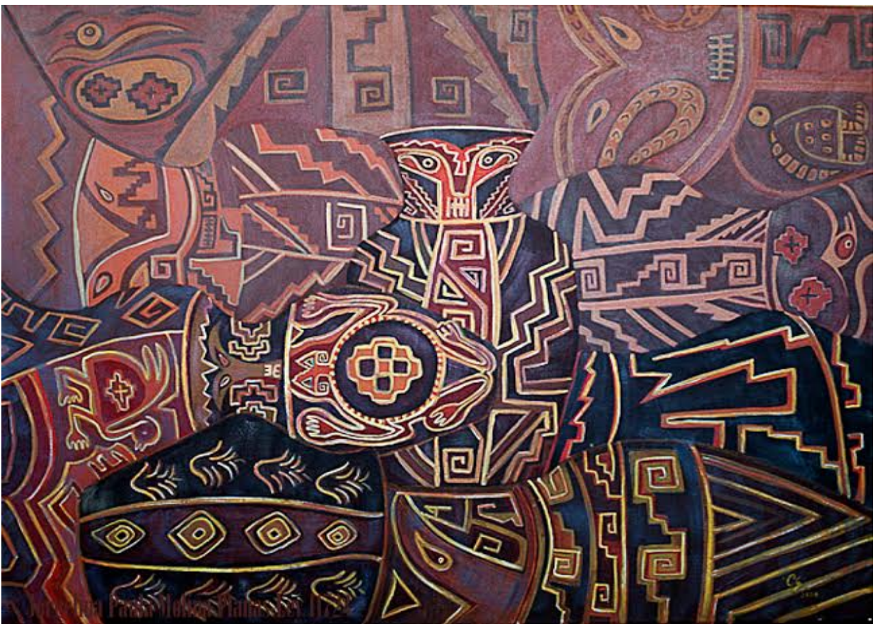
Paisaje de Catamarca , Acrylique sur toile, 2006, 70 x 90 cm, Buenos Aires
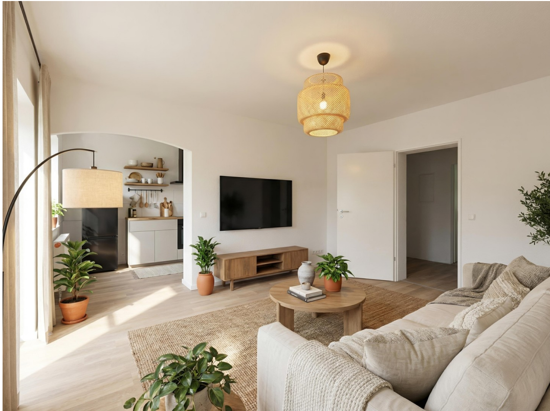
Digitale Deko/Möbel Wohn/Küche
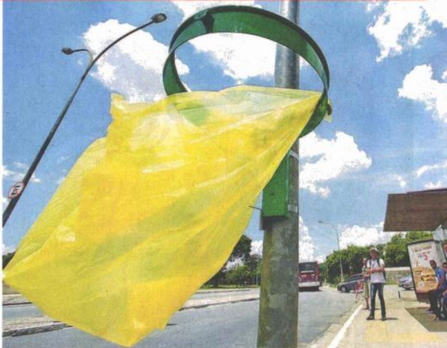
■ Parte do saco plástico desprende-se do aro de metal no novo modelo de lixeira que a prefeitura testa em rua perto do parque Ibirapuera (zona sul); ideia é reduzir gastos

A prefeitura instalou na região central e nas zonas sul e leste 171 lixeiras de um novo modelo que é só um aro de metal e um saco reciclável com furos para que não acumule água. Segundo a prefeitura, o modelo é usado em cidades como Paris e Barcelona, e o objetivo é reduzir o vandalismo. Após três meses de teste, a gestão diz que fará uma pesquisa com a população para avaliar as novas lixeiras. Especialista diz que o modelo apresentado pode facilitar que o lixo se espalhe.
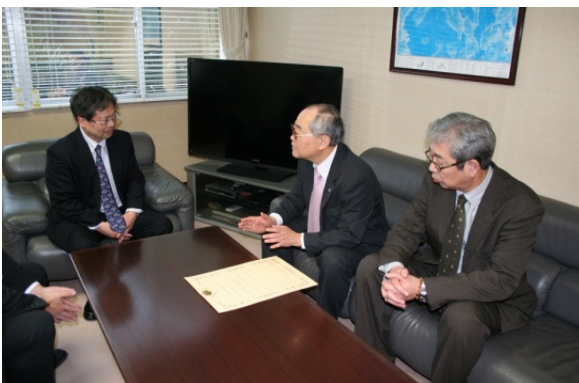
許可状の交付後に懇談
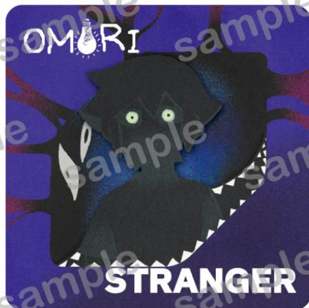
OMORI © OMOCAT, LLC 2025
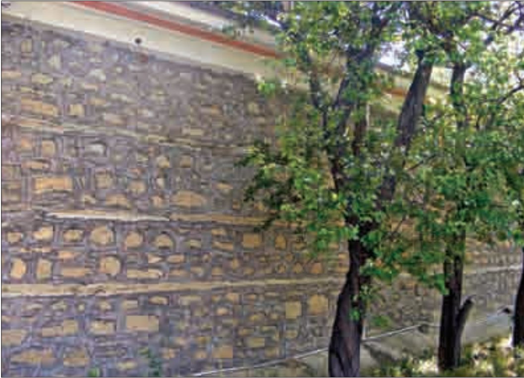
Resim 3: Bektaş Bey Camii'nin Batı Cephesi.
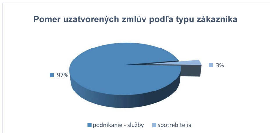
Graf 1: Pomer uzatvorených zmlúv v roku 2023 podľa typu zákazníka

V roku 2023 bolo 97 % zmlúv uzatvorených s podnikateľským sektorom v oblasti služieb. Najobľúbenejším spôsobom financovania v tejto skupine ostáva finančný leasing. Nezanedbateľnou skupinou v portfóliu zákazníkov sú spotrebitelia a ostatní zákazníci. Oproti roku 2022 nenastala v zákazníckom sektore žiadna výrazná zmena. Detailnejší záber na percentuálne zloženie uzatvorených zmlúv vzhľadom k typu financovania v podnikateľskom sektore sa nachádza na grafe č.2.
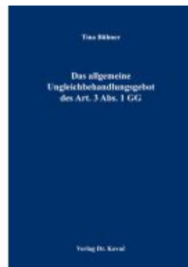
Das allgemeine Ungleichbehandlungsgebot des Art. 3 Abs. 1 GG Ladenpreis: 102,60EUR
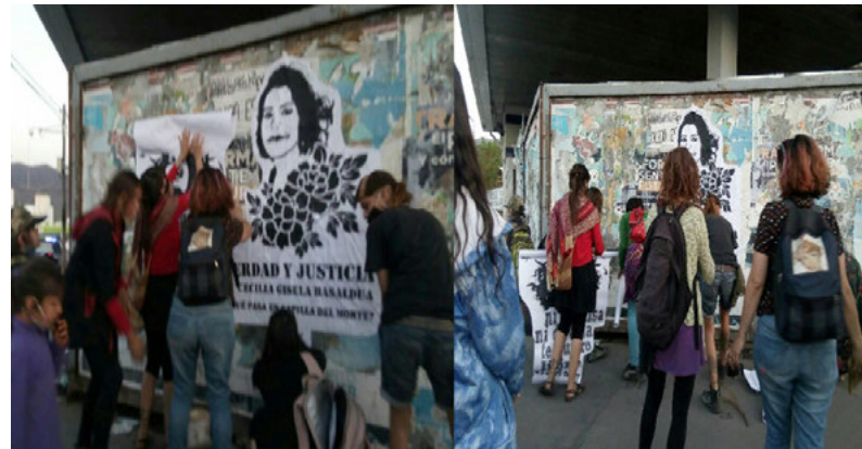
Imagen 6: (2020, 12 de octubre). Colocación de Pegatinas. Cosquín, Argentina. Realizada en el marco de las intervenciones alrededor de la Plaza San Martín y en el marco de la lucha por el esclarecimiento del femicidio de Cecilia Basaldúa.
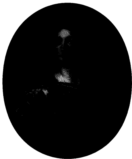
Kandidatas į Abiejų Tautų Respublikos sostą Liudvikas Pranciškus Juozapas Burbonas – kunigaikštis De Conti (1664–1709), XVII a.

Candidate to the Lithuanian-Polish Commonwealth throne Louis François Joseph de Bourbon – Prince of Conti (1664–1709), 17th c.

# # #

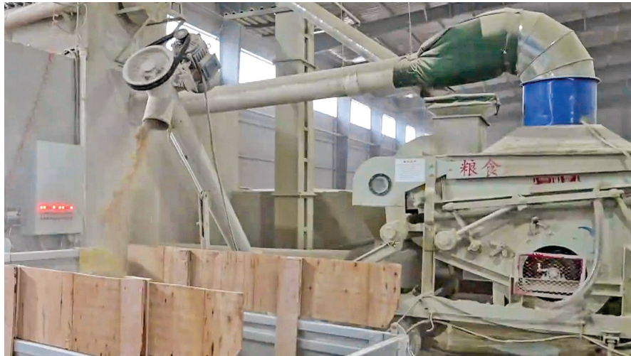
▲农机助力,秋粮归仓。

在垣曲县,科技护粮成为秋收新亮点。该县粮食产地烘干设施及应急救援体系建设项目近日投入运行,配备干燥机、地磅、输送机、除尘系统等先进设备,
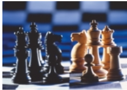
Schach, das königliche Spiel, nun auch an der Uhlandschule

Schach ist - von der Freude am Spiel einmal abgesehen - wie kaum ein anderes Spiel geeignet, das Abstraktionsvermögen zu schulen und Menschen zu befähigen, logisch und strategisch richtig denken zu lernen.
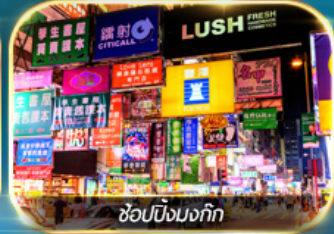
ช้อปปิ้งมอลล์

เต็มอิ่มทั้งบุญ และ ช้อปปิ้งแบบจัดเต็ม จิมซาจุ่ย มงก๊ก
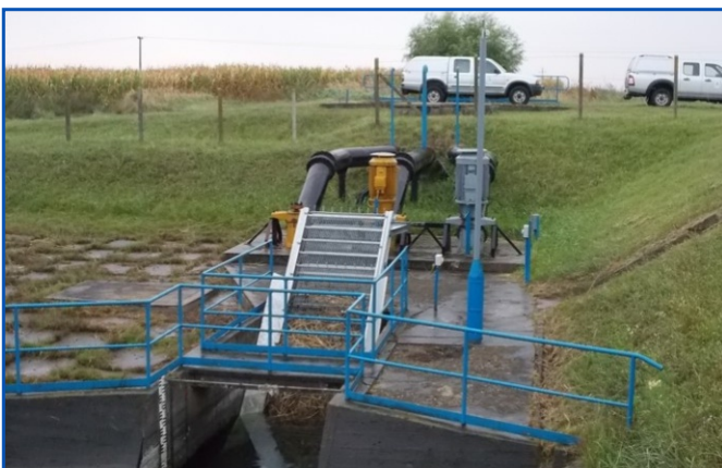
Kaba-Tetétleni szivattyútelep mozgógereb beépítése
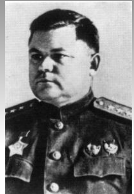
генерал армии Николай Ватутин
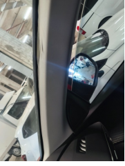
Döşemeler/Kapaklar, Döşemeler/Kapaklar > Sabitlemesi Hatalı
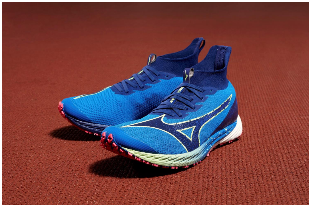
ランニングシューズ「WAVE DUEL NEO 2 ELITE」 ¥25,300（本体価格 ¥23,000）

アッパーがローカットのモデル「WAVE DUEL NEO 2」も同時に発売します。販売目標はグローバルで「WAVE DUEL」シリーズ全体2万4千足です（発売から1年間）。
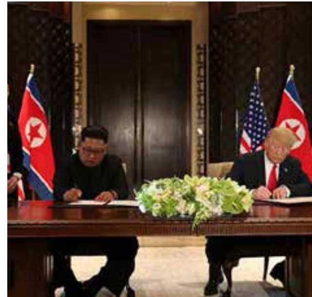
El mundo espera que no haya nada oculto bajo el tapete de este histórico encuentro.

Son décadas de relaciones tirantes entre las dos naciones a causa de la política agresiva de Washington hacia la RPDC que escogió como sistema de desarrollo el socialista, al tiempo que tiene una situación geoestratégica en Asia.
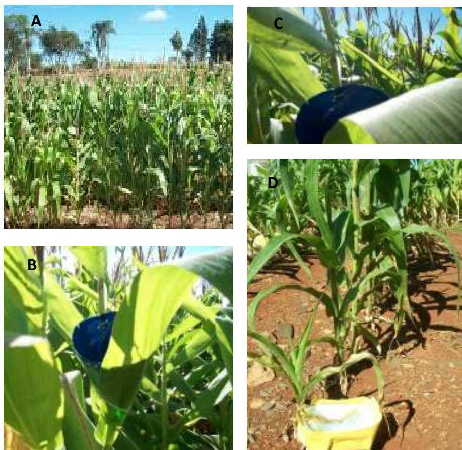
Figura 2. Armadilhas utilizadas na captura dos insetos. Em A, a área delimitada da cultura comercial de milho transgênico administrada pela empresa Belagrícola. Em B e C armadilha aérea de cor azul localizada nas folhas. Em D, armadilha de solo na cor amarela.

# # #

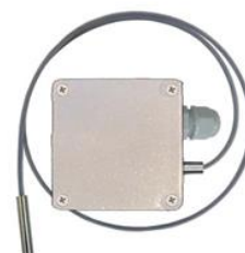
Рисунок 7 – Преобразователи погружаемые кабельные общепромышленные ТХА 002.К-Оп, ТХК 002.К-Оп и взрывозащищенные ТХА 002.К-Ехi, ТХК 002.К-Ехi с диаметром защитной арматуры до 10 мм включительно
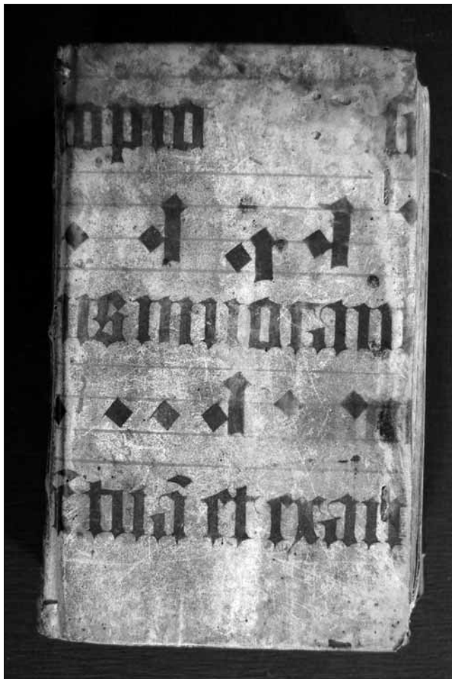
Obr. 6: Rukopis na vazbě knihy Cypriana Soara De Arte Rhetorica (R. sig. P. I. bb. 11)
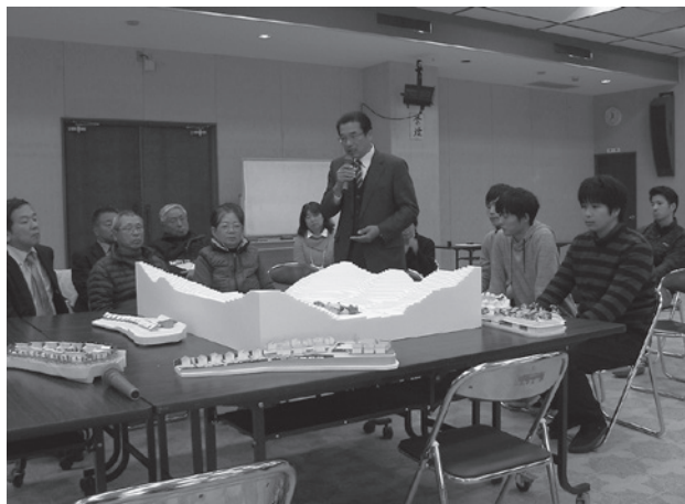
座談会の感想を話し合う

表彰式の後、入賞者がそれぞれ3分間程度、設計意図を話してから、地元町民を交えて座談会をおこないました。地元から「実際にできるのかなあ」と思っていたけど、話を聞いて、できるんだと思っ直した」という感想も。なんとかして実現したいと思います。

# # #

Exercise brief
Considering each line of the material above, count those with the word "Schach" and give only the number.

Task solution
2